# How do you prove that: 1+1/(1+2)+1/(1+2+3)+...+1/(1+2+3+...+n) = (2n)/(n+1) ?

Sep 26, 2016

True

#### Explanation:

Supposing that the afirmation is true

$1 + \frac{1}{1 + 2} + \frac{1}{1 + 2 + 3} + \frac{1}{1 + 2 + 3 + 4} + \cdots + \frac{1}{1 + 2 + 3 + 4 + \cdots + n} = {\sum}_{k = 1}^{n} \frac{2}{k \left(k + 1\right)} = {S}_{n}$

${S}_{1} = \frac{2 \times 1}{1 + 1} = 1$

so supposing is true

${S}_{n} = \frac{2 n}{n + 1}$ then

${S}_{n + 1} = {S}_{n} + \frac{2}{\left(n + 1\right) \left(n + 2\right)} = \frac{2 \left(n + 1\right)}{n + 2}$ which is the expected result.

Then by mathematical induction, it is true the assertion.

Sep 26, 2016

Prove by induction.

#### Explanation:

Proof by induction:

Base case

If $n = 1$ then then left hand side is:

$1$

and the right hand side is:

$\frac{2 \left(1\right)}{\left(1\right) + 1} = \frac{2}{2} = 1$

So the equation holds for $n = 1$

Induction step

First note that:

$1 + 2 + 3 + \ldots + n = \frac{1}{2} n \left(n + 1\right)$

Suppose:

$1 + \frac{1}{1 + 2} + \frac{1}{1 + 2 + 3} + \ldots + \frac{1}{1 + 2 + 3 + \ldots + n} = \frac{2 n}{n + 1}$

Then:

$1 + \frac{1}{1 + 2} + \frac{1}{1 + 2 + 3} + \ldots + \frac{1}{1 + 2 + 3 + \ldots + n + \left(n + 1\right)}$

$= \frac{2 n}{n + 1} + \frac{1}{1 + 2 + 3 + \ldots + n + \left(n + 1\right)}$

$= \frac{2 n}{n + 1} + \frac{1}{\frac{1}{2} \left(n + 1\right) \left(n + 2\right)}$

$= \frac{2 n}{n + 1} + \frac{2}{\left(n + 1\right) \left(n + 2\right)}$

$= \frac{\left(2 n\right) \left(n + 2\right)}{\left(n + 1\right) \left(n + 2\right)} + \frac{2}{\left(n + 1\right) \left(n + 2\right)}$

$= \frac{2 {n}^{2} + 4 n + 2}{\left(n + 1\right) \left(n + 2\right)}$

$= \frac{2 \left({n}^{2} + 2 n + 1\right)}{\left(n + 1\right) \left(n + 2\right)}$

$= \frac{2 {\left(n + 1\right)}^{2}}{\left(n + 1\right) \left(n + 2\right)}$

$= \frac{2 \left(n + 1\right)}{n + 2}$

Sep 26, 2016

$\text{ The Sum=} \frac{2 n}{n + 1} .$

#### Explanation:

We will use a Method called Method of Telescopic Sum.

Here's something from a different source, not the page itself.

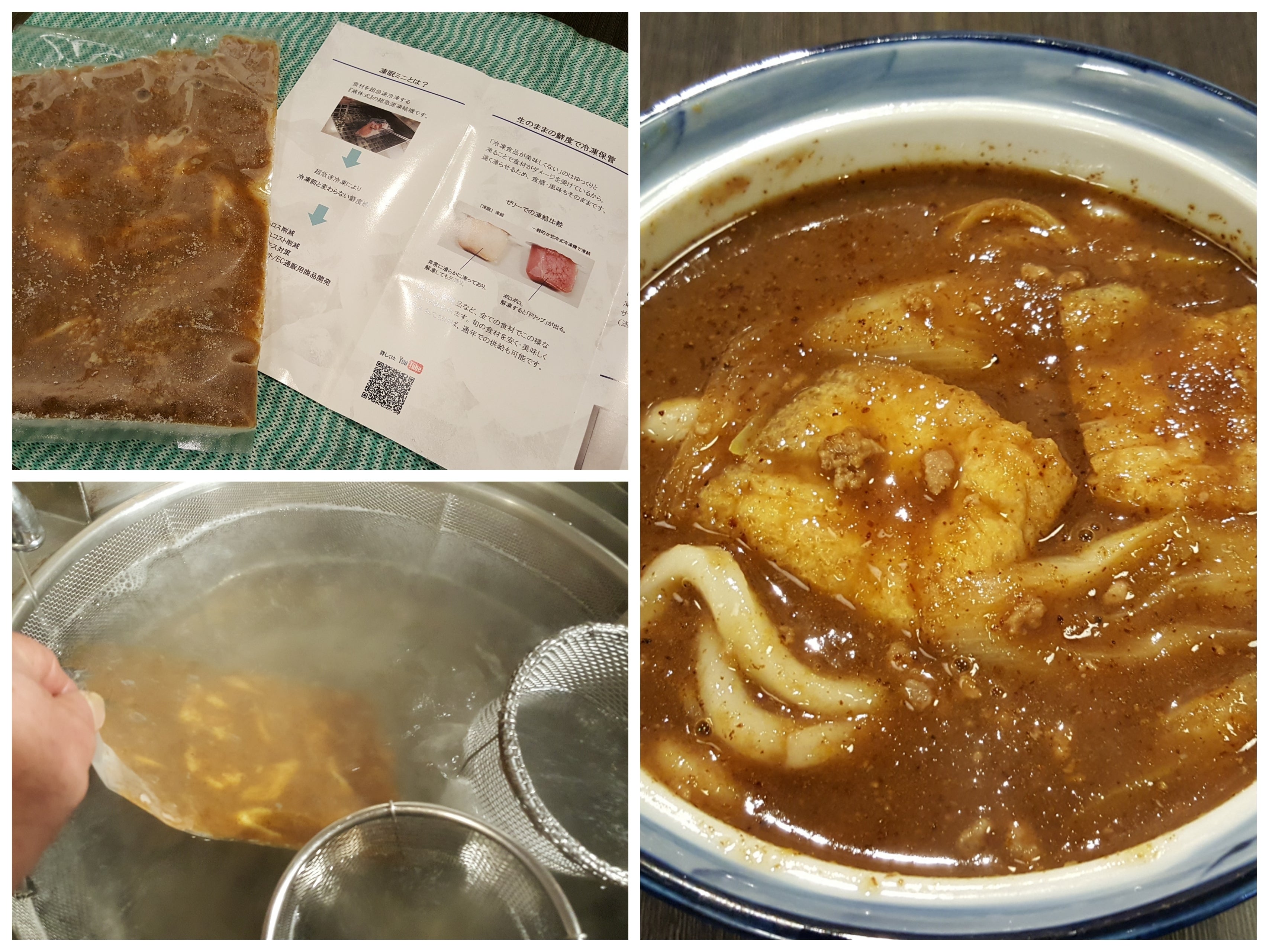 ↑写真左上はメーカーでの実演試験で凍結させたカレーうどん、左下は湯煎の様子、右は出来上がったカレーうどん

Denoting by, ${T}_{j}$, the ${j}^{t h}$ term of the Series, we observe that,

T_j=1/(1+2+...+j)=1/(sumj)=1/(j/2(j+1))=2/(j(j+1).

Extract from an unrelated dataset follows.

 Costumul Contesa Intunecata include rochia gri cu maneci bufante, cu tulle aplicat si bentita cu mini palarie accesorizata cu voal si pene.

$\therefore \text{ The Reqd. Sum, say S} = {\sum}_{j = 1}^{j = n} {T}_{j} = {\sum}_{j = 1}^{j = n} \frac{2}{j \left(j + 1\right)}$

$= 2 {\sum}_{j = 1}^{j = n} \frac{1}{j \left(j + 1\right)} = 2 {\sum}_{j = 1}^{j = n} \frac{\left(j + 1\right) - j}{j \left(j + 1\right)}$

$= 2 {\sum}_{j = 1}^{j = n} \left\{\frac{j + 1}{j \left(j + 1\right)} - \frac{j}{j \left(j + 1\right)}\right\}$

$= 2 {\sum}_{j = 1}^{j = n} \left\{\frac{1}{j} - \frac{1}{j + 1}\right\}$

$= 2 \left[\left(\frac{1}{1} - \cancel{\frac{1}{2}}\right) + \left(\cancel{\frac{1}{2}} - \cancel{\frac{1}{3}}\right) + \left(\cancel{\frac{1}{3}} - \cancel{\frac{1}{4}}\right) + \ldots + \left(\cancel{\frac{1}{n - 1}} - \cancel{\frac{1}{n}}\right) + \left(\cancel{\frac{1}{n}} - \frac{1}{n + 1}\right)\right]$

$= 2 \left(1 - \frac{1}{n + 1}\right)$

$\therefore \text{ The Sum=} \frac{2 n}{n + 1}$, as Respected George C., and,

Respected Cesareo R. , have derived!

Enjoy Maths.!